EFFECT OF PYROLYSIS TEMPERATURE ON THE TEXTURAL PROPERTIES AND THE ACTIVATION MECHANISM OF PORK BONE DERIVED HYDROXYAPATITE

U. IRIARTE-VELASCO^†, I. SIERRA^†, R. BRAVO^†   and   J.L. AYASTUY^‡

† Dept. of Chemical Engineering, Faculty of Pharmacy, UPV/EHU, Vitoria, Spain unai.iriarte@ehu.eus

‡ Dept. of Chemical Engineering, Fac. of Science & Technology, UPV/EHU, Leioa, Spain

 

Cite this arcicle as:

U. IRIARTE-VELASCO, I. SIERRA, R. BRAVO and J.L. AYASTUY (2017) “EFFECT OF PYROLYSIS TEMPERATURE ON THE TEXTURAL PROPERTIES AND THE ACTIVATION MECHANISM OF PORK BONE DERIVED HYDROXYAPATITE”, Latin American Applied Research, 47(1), pp 17-22.

      Abstract-- Calcium hydroxyapatite was produced from pork bones through a three step procedure including pre-pyrolysis, chemical impregnation with K₂CO₃ and pyrolysis. The effect of pyrolysis temperature on the porosity development of the material was investigated. The specific surface area (SSA) decreases as charring temperature increases. It is observed that the chemical treatment with K₂CO₃ is inefficient at mild pyrolysis conditions, in the 550-700ºC range. On the contrary, micropore, mesopore and macropore formation is enhanced by chemical activation with K₂CO₃ at about 800ºC. The reactions involved during the chemical activation step were analysed by mass spectrometry. It was concluded that treatment with K₂CO₃ favours the release of water and CO. this phenomenon was related to SSA and pore volume development. On the contrary, activation at 900 ºC caused a remarkable reduction in SSA, especially for K₂CO₃ treated samples, due to excessive ongoing of the above reactions as deduced from the pyrolysis gases.

Keywords-- Hydroxyapatite; Bone char; Chemical activation; Physicochemical characterization; TG-MS.

I. INTRODUCTION

Owing to its desirable structural stability, ionic substitution ability and acid–base properties, the use of hydroxyapatite (Ca₁₀(PO₄)₆(OH)₂) (HAp) has recently increased. HAp is a versatile material and recently it has been successfully used for the adsorption of organic pollutants (Ciobanu et al., 2014) and metals (Kim and Lee, 2014; Sicupira et al., 2014) from liquid effluents, as a support in photocatalytic systems (Chun et al., 2014) and also in electrochemical (Goodman et al., 2013) and biomedical applications (Sobczak-kupiec et al., 2013).

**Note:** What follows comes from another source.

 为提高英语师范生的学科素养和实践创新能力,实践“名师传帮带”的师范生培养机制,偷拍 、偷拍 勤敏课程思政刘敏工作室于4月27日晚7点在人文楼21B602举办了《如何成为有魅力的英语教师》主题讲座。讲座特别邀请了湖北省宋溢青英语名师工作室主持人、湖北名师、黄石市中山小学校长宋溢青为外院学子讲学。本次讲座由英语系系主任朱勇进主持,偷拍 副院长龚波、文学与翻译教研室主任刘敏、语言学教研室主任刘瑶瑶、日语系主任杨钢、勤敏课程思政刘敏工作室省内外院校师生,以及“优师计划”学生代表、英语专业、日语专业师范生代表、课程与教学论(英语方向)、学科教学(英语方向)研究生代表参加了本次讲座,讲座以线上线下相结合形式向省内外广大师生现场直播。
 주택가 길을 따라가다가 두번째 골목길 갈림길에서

      Many methods of synthesizing HAp have been reported, such as solid-state reaction, sol–gel, wet synthesis and hydrothermal methods (Guo et al., 2013; Salviulo et al., 2011). However, the procedures employed were relatively complicated and it has been proven difficult to obtain controlled morphology with these methods. Hard tissues in animals represent an abundant source of natural HAp (Larsen et al., 1993; Singh, 2012). If adequate methods are developed, the use of waste animal bones is a promising alternative choice for the production of HAp-based porous materials.

      Pyrolysis constitutes one of the most reliable treatment methods for the animal bones left over. The solid fraction obtained (char) contains about 70–76 wt% calcium hydroxyapatite Ca₁₀(PO₄)₆(OH)₂, 9–11 wt% carbon and 7–9 wt% CaCO₃. The apatite crystals in bones can act as natural template for the formation of abundant pores. Furthermore, this process could be economically feasible as well as environmentally friendly.

      Difficulties have been reported in the production of materials based on natural HAp with large specific surface area (SSA). Doostmohammadi et al. (2012) reported a surface area value of 2.2 m²/g, obtained by the charring of bovine bones in air atmosphere at 700 ºC. Hassan et al. (2008) achieved an area of 72 m²/g from the pyrolysis of camel bones in inert atmosphere at 800ºC. Murillo et al. (2011) reported some of the largest BET values, of about 127 m²/g, through the pyrolysis of chicken bones in nitrogen atmosphere at 800 ºC.

      Chemical activation represents an alternative for improving the textural and surface properties of bone char. It requires lower temperature and results in higher yield than physical activation only (Lillo-Ródenas et al., 2003; Phan et al., 2006). In a previous work our research group (Iriarte-Velasco et al., 2015a; 2015b) concluded that the chemical activation with K₂CO₃ significantly enhances the textural properties of bone char. However, there are still important gaps in the fundamentals of the process, regarding the optimization of preparation conditions and the reaction mechanisms that take place. The activation temperature is one of the most important factors. Sobzak et al. (2009) investigated the textural properties of pig bone calcined in air atmosphere. Calcinations in the 650 – 900 ºC range caused variations in S_BET values in the 44 – 3 m²/g range.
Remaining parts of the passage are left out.